UDP-glucosyltransferase regulates grain size and abiotic stress tolerance associated with metabolic flux redirection in rice.

机构信息

National Key Laboratory of Plant Molecular Genetics, CAS Centre for Excellence in Molecular Plant Sciences and Collaborative Innovation Center of Genetics & Development, Shanghai Institute of Plant Physiology & Ecology, Chinese Academic of Sciences, Shanghai, 200032, China.

CAS-Key Laboratory of Synthetic Biology, CAS Center for Excellence in Molecular Plant Sciences, Shanghai Institute of Plant Physiology & Ecology, Chinese Academy of Sciences, Shanghai, 200032, China.

出版信息

Nat Commun. 2020 May 26;11(1):2629. doi: 10.1038/s41467-020-16403-5.

DOI:10.1038/s41467-020-16403-5

PMID:32457405

原文链接:https://pmc.ncbi.nlm.nih.gov/articles/PMC7250897/

Abstract

Grain size is an important component trait of grain yield, which is frequently threatened by abiotic stress. However, little is known about how grain yield and abiotic stress tolerance are regulated. Here, we characterize GSA1, a quantitative trait locus (QTL) regulating grain size and abiotic stress tolerance associated with metabolic flux redirection. GSA1 encodes a UDP-glucosyltransferase, which exhibits glucosyltransferase activity toward flavonoids and monolignols. GSA1 regulates grain size by modulating cell proliferation and expansion, which are regulated by flavonoid-mediated auxin levels and related gene expression. GSA1 is required for the redirection of metabolic flux from lignin biosynthesis to flavonoid biosynthesis under abiotic stress and the accumulation of flavonoid glycosides, which protect rice against abiotic stress.
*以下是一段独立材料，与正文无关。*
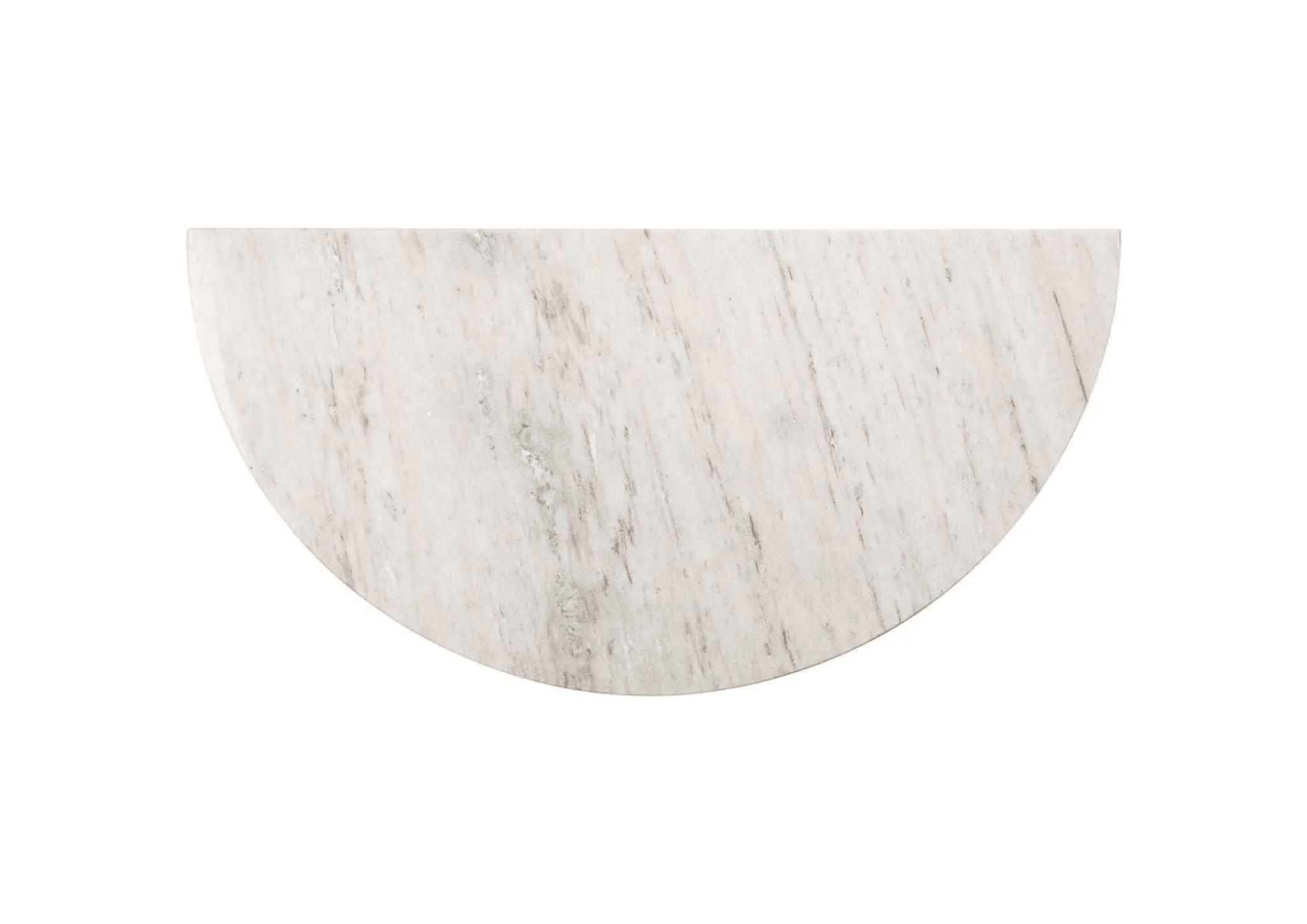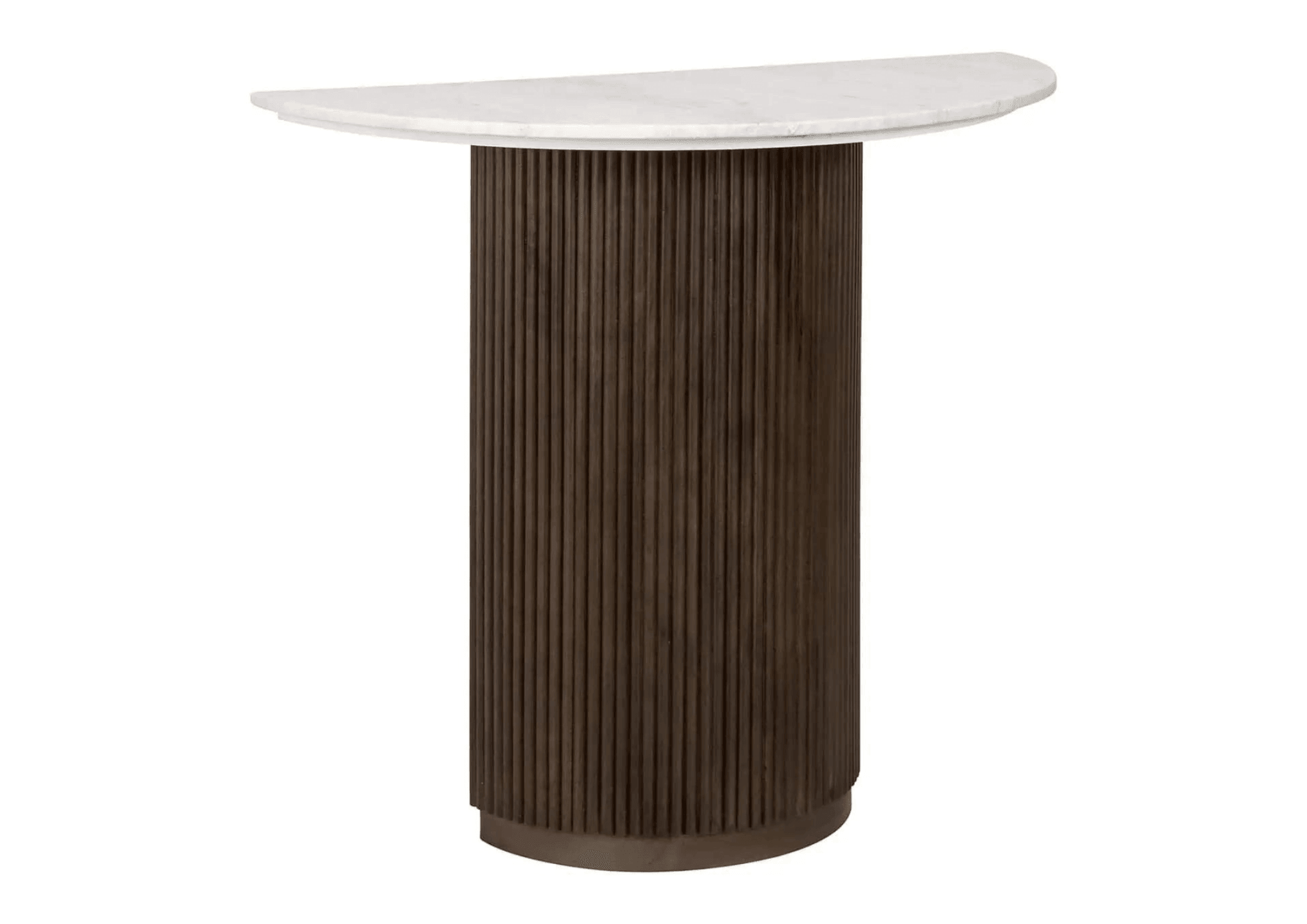 Console Mayfield is a unique furniture that attracts attention with its unique style and solid performance. Its unique semicircle shape makes it not only a functional solution, but also a designer element of interior design. The white marble top gives the console elegance and refinement, creating a effective contrast in combination with the base of milled manga wood.

GSA1 overexpression results in larger grains and enhanced abiotic stress tolerance. Our findings provide insights into the regulation of grain size and abiotic stress tolerance associated with metabolic flux redirection and a potential means to improve crops.

摘要

粒型是谷物产量的一个重要组成性状，经常受到非生物胁迫的威胁。然而，人们对谷物产量和非生物胁迫耐受性的调节机制知之甚少。在这里，我们描述了 GSA1，它是一个调节粒型和非生物胁迫耐受性的数量性状位点（QTL），与代谢流重定向有关。GSA1 编码一个 UDP-葡萄糖基转移酶，它对类黄酮和单酚具有葡萄糖基转移酶活性。GSA1 通过调节细胞增殖和扩张来调节粒型，这是由类黄酮介导的生长素水平和相关基因表达调节的。GSA1 是在非生物胁迫下从木质素生物合成到类黄酮生物合成的代谢流重定向以及类黄酮糖苷积累所必需的，类黄酮糖苷可以保护水稻免受非生物胁迫。GSA1 的过表达导致粒型增大和增强的非生物胁迫耐受性。我们的发现为与代谢流重定向相关的粒型和非生物胁迫耐受性的调节提供了新的见解，并为改良作物提供了一种潜在的方法。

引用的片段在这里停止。